According to the newspaper, the Catholic leader spoke of the risk to thousands of poor families, who face being forced out of their homes as a result of cuts being made to housing benefit.

He said that the loss of £93 a week for 50,000 families was a “significant sum for those struggling financially”.

He warned that if media reports of 40,000 families being made homeless were correct “it would surely be a perverse result of policies aimed at reducing dependency of the ‘benefits culture’, since emergency support would immediately need to be put in place”.

The Archbishop voiced concern over the 15 per cent rise in youth homelessness and the prospect of children having to move home and schools because their parents cannot keep up with the cost of housing.

Westminster council estimates it could lose more than 1,500 pupils, or around 260 per school year, as a result of the cuts.

“We fear that the cost of this may be felt most by vulnerable families, whose support networks may rapidly disappear in the process,” the Archbishop said.

The Government is imposing new limits of £400-a-week for a four-bedroom home, £340 for a three-bedroom home, £290 for a two-bedroom home and £250 for a one-bedroom home.

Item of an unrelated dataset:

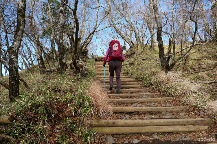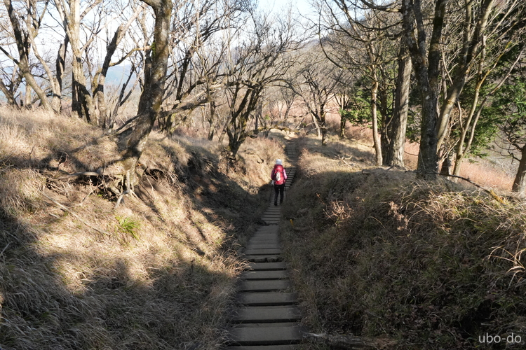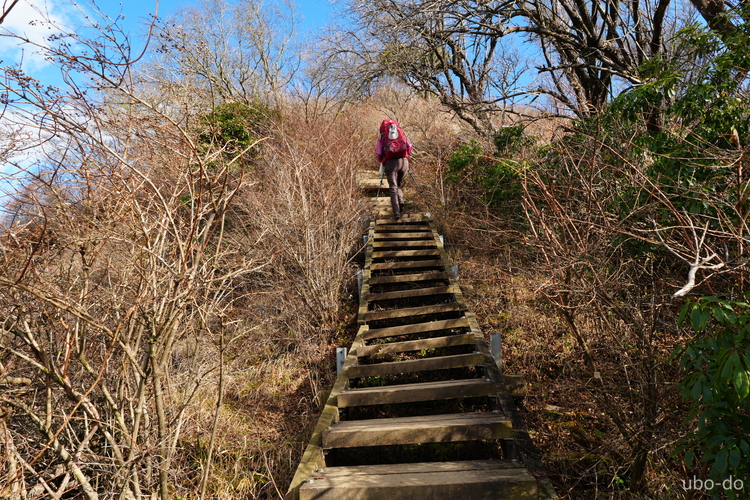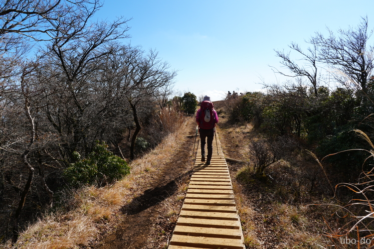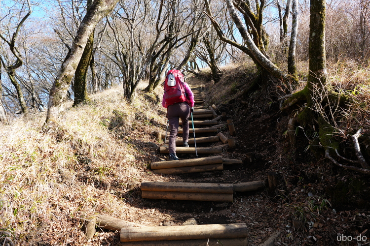 鞍部まで木段をゆるやかに下る。意外と距離があると感じた。
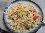 Udon is incomparable))) It would seem that noodles with vegetables. The food is delicious and very appetizing. The dish looks overloaded with butter, but when you eat it, there is no feeling of overkill. It's not the first time we've stopped by this place for lunch. I've never seen an empty room. Apparently the top shawarma, there's always a queue.

The Archbishop wrote: “I recognise the difficulties which must arise in seeking to promote fairness between those in work and those of working age receiving benefits, but our own agencies working with poor families are increasingly concerned with how the detail of the changes will affect those families.”

His letter follows a similar warning from the Archbishop of Canterbury in an editorial he wrote for New Statesman last month. Dr Rowan Williams accused the Government of pushing through “radical, long-term policies for which no one voted”.